Exercise instructions -
In this exercise, retype exactly the lines from the start of the entries through the line bearing "I am so sorry", leaving every picture out.

Record set -
============

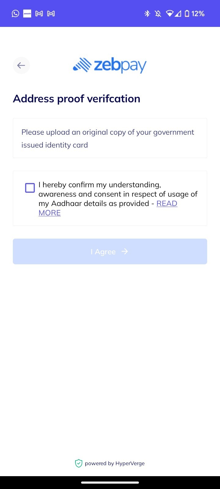 Post selecting the document from the list, you will be asked to share the consent to use your address document for verification with us.
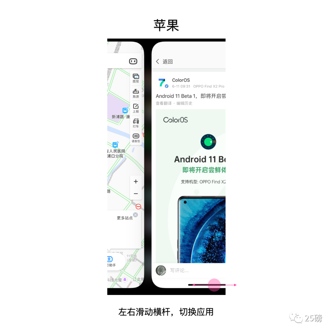 目前手机厂商普遍提供的应用切换方式是左右滑动底部横杆,这个操作也足够方便,但用户不会时刻记得屏幕左侧、右侧是哪个应用,对于切换操作没有明确的预期。
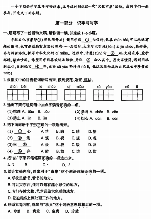 大兴区小学三年级2025-2026学年度第一学期末语文试卷新鲜出炉啦!这份试卷贴合教学实际,涵盖重点知识。孩子通过练习能熟悉考试题型,发现学习不足;家长也可借此了解孩子学习成果,为后续学习提供指引,赶紧获取!
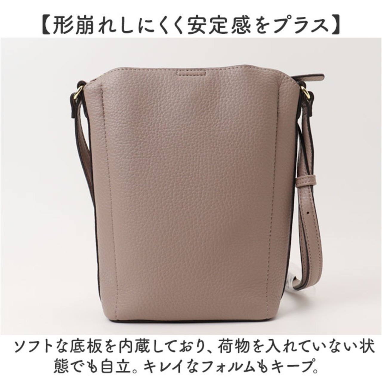 ・ソフトな底板を内蔵しており、荷物を入れていない状態でも自立。キレイなフォルムもキープ。
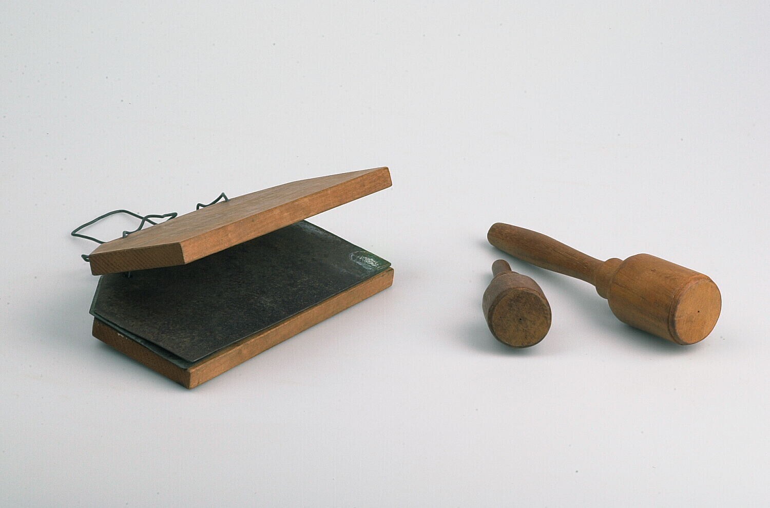Geraasmaker van hout en metaal
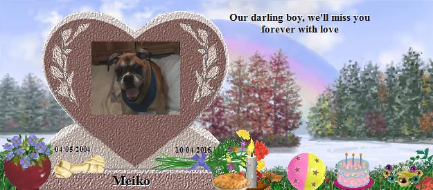 I am so sorry to hear about your loss of Meiko. Please find comfort in knowing that Meiko is now at Rainbows Bridge and making lots of friends. Saying goodbye is never easy. I also lost my precious cat Spooky July 30th 2001 after 16 wonderful years with her. On January 11, 2013, I lost my faithful friend Hannah who was a beautiful blue tick hound dog. On August 2, 2013 another one of my beautiful cats, Sammi, a black and white tabby, went to Rainbows Bridge. April 9, 2014, Maci, my English Bulldog passed over to Rainbows Bridge. Maci and Hannah were best friends. I am sure that Meiko and my babies have all become good friends. You can visit with Spooky at: http://www.rainbowsbridge.com/residents/Spook002/resident.HTM Take Care, Susan
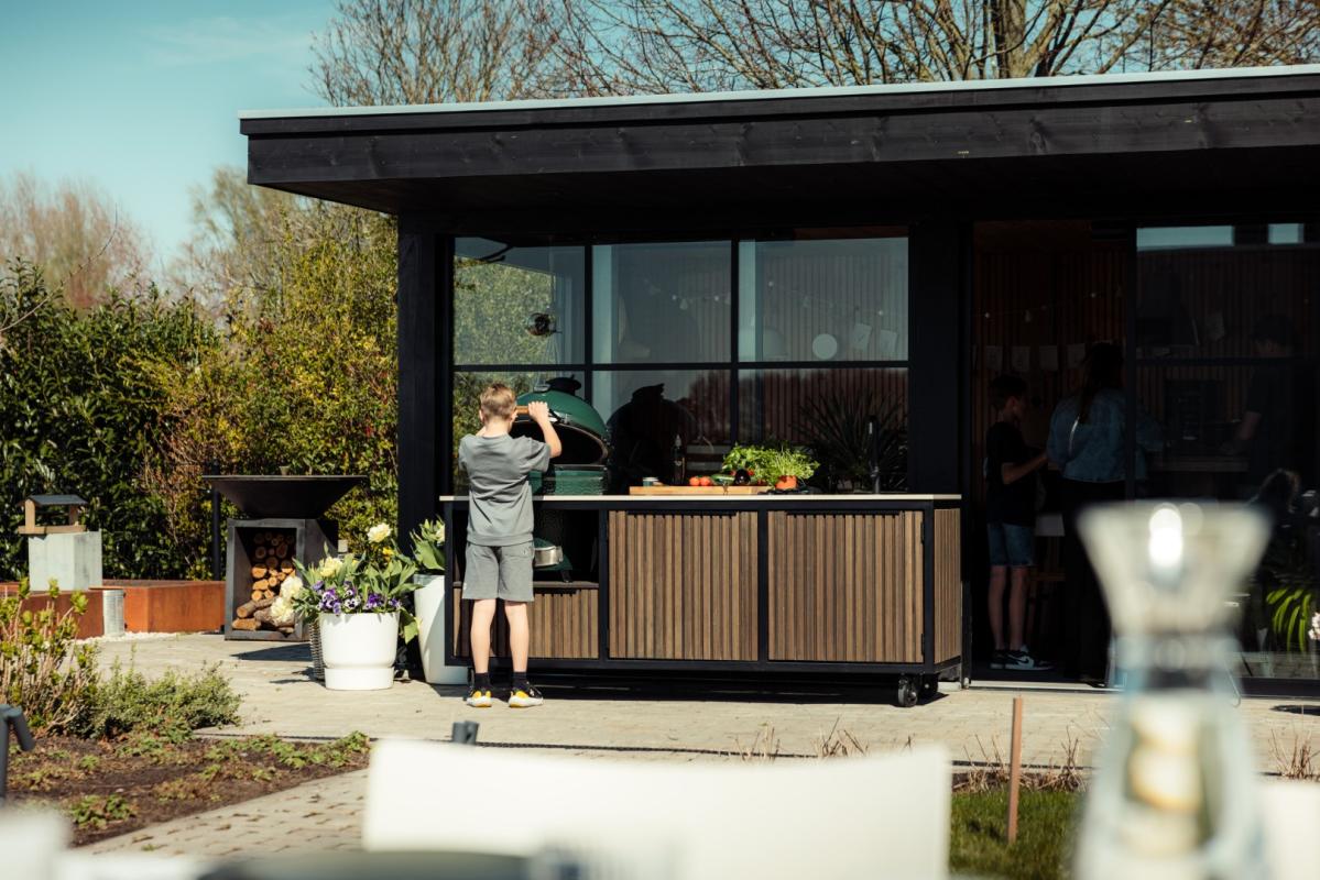 Dankzij de extra breedte is er meer ruimte voor accessoires, snijwerk, en het voorbereiden van gerechten. Dit model is perfect voor wie graag uitgebreid kookt en zijn buitenkeuken als volwaardige werkplek gebruikt.
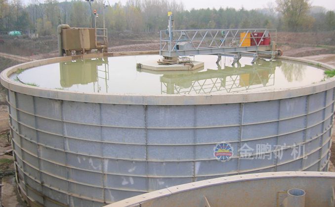 礦漿由給礦筒給入,自由沉降于耙子區(qū)的礦漿受刮板的壓力進一步濃縮,由耙子逐漸刮向池子中心,由排礦口靠重力排入下一層池子?清水經分配箱進入最下層對物料進行最后的洗滌,最下層的溢流返回分配箱進入第二層對物料進行洗滌,第二層的溢流返回分配箱進入第一層對物料進行洗滌,第一層的溢流經溢流堰排出,經三次洗滌的物料經底部排出。
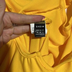 Shein Yellow Ruffle Ribbed Bodysuit Size M
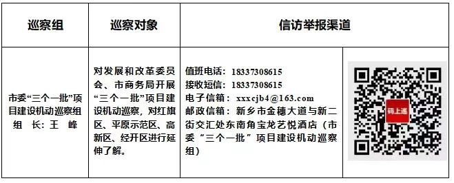 要全面贯彻巡视工作方针,始终把“两个维护”作为根本任务,坚持问题导向、目标导向、结果导向,紧盯职能责任,围绕“三个一批”项目建设决策部署落实情况、项目推进情况、项目资金管理使用情况、群众身边不正之风和腐败问题,精准发现问题、客观分析问题、如实反映问题、有效推动解决问题。 本轮巡察时间20天左右,为便于干部群众反映情况,市委巡察组设置了专门值班电话、接收短信手机、电子邮箱、邮政信箱、征求意见箱,并开通了“码上巡”,受理信访时间为工作日的工作时间,截止时间为2024年9月6日。巡察期间,市委巡察组将严格落实中央八项规定及其实施细则精神和市委相关规定,主动接受被巡察单位和社会各界的监督,市纪委监委监督举报电话12388,市委组织部监督举报电话12380。
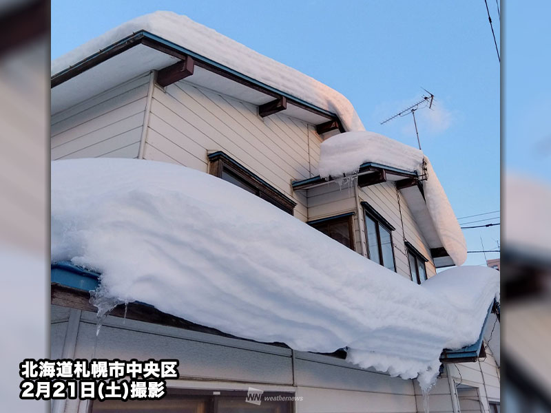 北日本の日本海側や北陸、山陰では山沿いを中心に積雪が多く残っています。記録的な大雪に見舞われた札幌では21日(土)10時時点の積雪深が97cm、青森では95cmです。
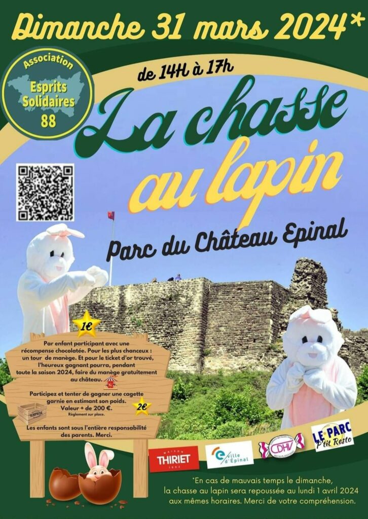 Rendez-vous dimanche 31 mars, de 14h à 17h au parc du château d’Epinal, pour une chasse au lapin de Pâques.
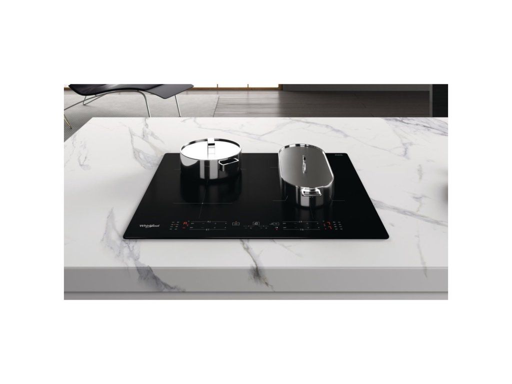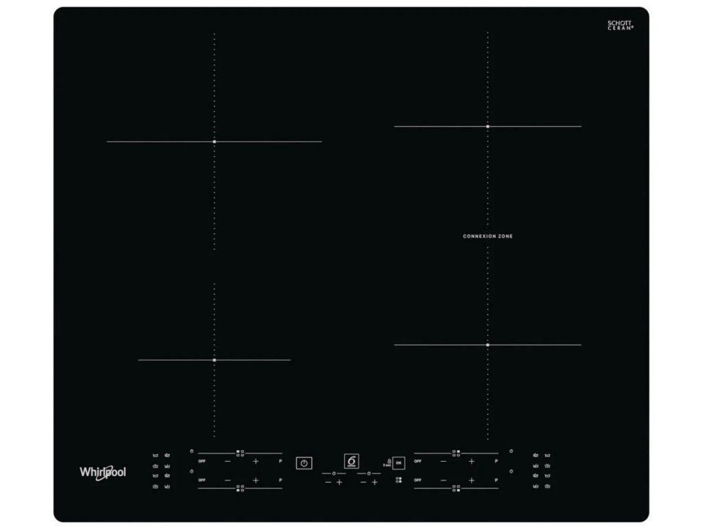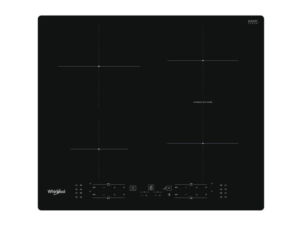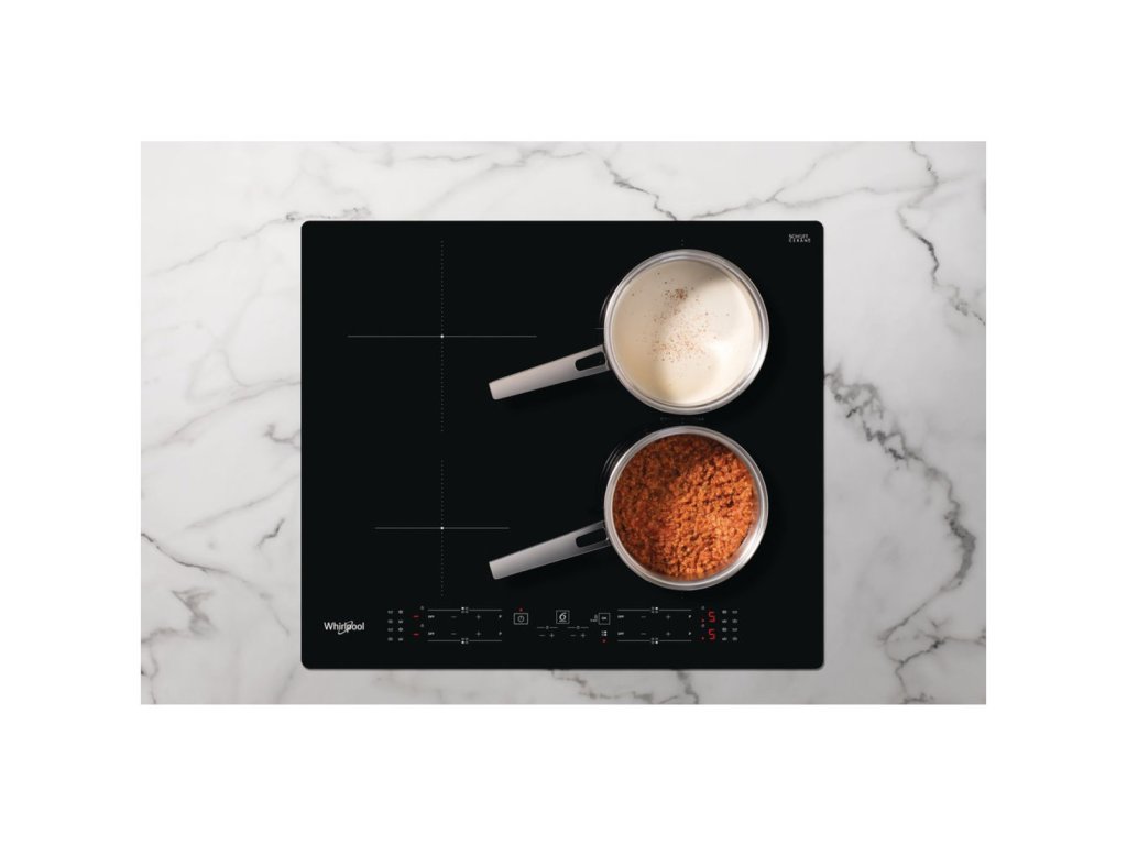 Indukční varná deska Whirlpool WB B8360 NE, černé provedení, šířka 59 cm, 4 varné zóny, Connexion Zone pro spojení 2 varných zón, funkce PowerManagement, funkce Booster, dotykové ovládání v přední části, technologie 6. smysl, dětská pojistka, časovač, příkon 7 200 W, rozměry (v × š × h): 5,4 × 59 × 51 cm.
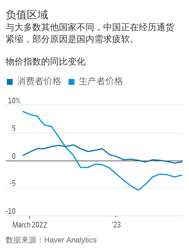 但随着西方国家的通胀担忧有所缓解,中国的通缩已成为更大的担忧。通缩预示着中国经济仍将面临困境,这可能意味着在中国开展业务的西方品牌销售额会下降。
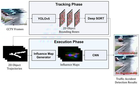 The execution phase consists of two parts: an Influence Map Generator and a Detection Executor. The Influence Map Generator focuses on analyzing the spatiotemporal relationships among the trajectories of 2D objects using influence maps. The Detection Executor extracts the features of the corresponding influence map using a CNN and then classifies whether an accident has occurred or not. Figure 1 shows a block diagram illustrating the procedures involved in the tracking and execution phases for detecting traffic accidents.
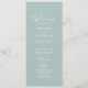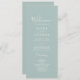 Este programa de casamento de coordenadas verdes é perfeito para um casamento de boho. O elegante, porém rústico design apresenta um verde pastel pálido com um toque moderno. Coordena-se com a Airy Greenery Collection, de Fresca e Yummy Paperie. Inclua os nomes do casal, a data e o local do casamento, a mensagem do obrigado, a ordem de serviço, a festa de casamento e um memorial "em memória amorosa" opcional.
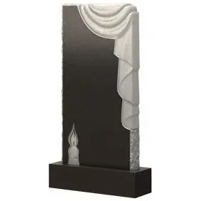 Представленная модель относится к категории стандартных памятников. Она имеет прямоугольную форму, украшенную белой ниспадающей плащаницей в правом углу. Кроме того, долю роскоши и символичности надгробию придает гравировка свечи в нижней части. Ее пламя горит ровно, словно показывая, что душа усопшего обрела покой, а его образ навсегда останется в памяти родных людей. Благодаря тому, что боковые стороны и небольшая часть верхушки обладает шероховатыми краями, памятник выглядит более изящно и воздушно, что позволит оформить могилу любимого человека самым наилучшим образом.
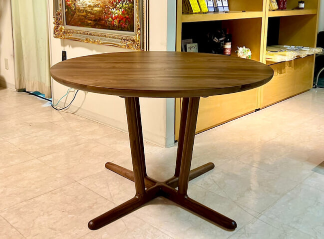 お客様オーダー分のウォールナットの丸テーブルを検品中にちょっとご紹介
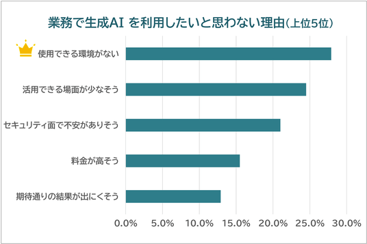 1.生成AIを利用しない理由の1位は「使用できる環境がない」生成AIを業務で利用していない回答者に理由を尋ねたところ、最も多かったのは「使用できる環境がない」(27.9%)であった。
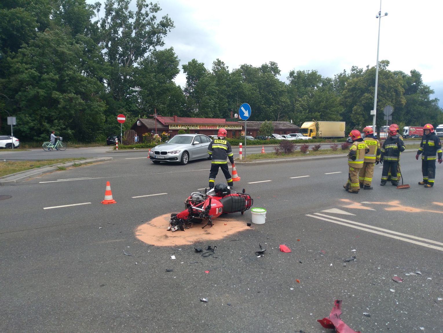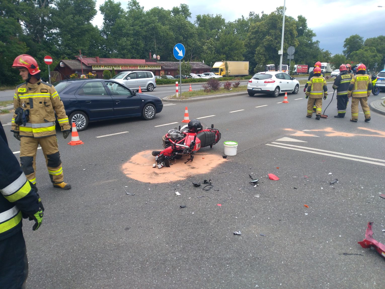 "Kierujący skodą prawdopodobnie wymusił pierwszeństwo. W pierwszej fazie cały ruch na nitce w stronę Łodzi był zblokowany. Nitka później została udrożniona. Osoba poszkodowana- motocyklista została przetransportowana do szpitala we Włocławku. Kierowca skody pozostał na miejscu."- informuje Mariusz Bladoszewski z KM PSP we Włocławku
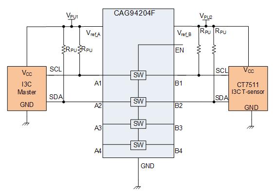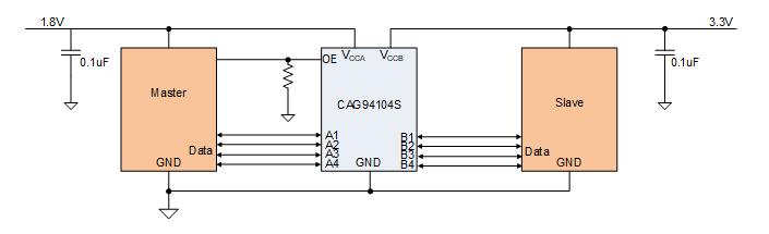 图1 四通道开关型电平转换器CAG94204F内部架构图

============

Response area -
 Post selecting the document from the list, you will be asked to share the consent to use your address document for verification with us.
 目前手机厂商普遍提供的应用切换方式是左右滑动底部横杆,这个操作也足够方便,但用户不会时刻记得屏幕左侧、右侧是哪个应用,对于切换操作没有明确的预期。
 大兴区小学三年级2025-2026学年度第一学期末语文试卷新鲜出炉啦!这份试卷贴合教学实际,涵盖重点知识。孩子通过练习能熟悉考试题型,发现学习不足;家长也可借此了解孩子学习成果,为后续学习提供指引,赶紧获取!
 ・ソフトな底板を内蔵しており、荷物を入れていない状態でも自立。キレイなフォルムもキープ。
Geraasmaker van hout en metaal
 I am so sorry to hear about your loss of Meiko. Please find comfort in knowing that Meiko is now at Rainbows Bridge and making lots of friends. Saying goodbye is never easy. I also lost my precious cat Spooky July 30th 2001 after 16 wonderful years with her. On January 11, 2013, I lost my faithful friend Hannah who was a beautiful blue tick hound dog. On August 2, 2013 another one of my beautiful cats, Sammi, a black and white tabby, went to Rainbows Bridge. April 9, 2014, Maci, my English Bulldog passed over to Rainbows Bridge. Maci and Hannah were best friends. I am sure that Meiko and my babies have all become good friends. You can visit with Spooky at: http://www.rainbowsbridge.com/residents/Spook002/resident.HTM Take Care, Susan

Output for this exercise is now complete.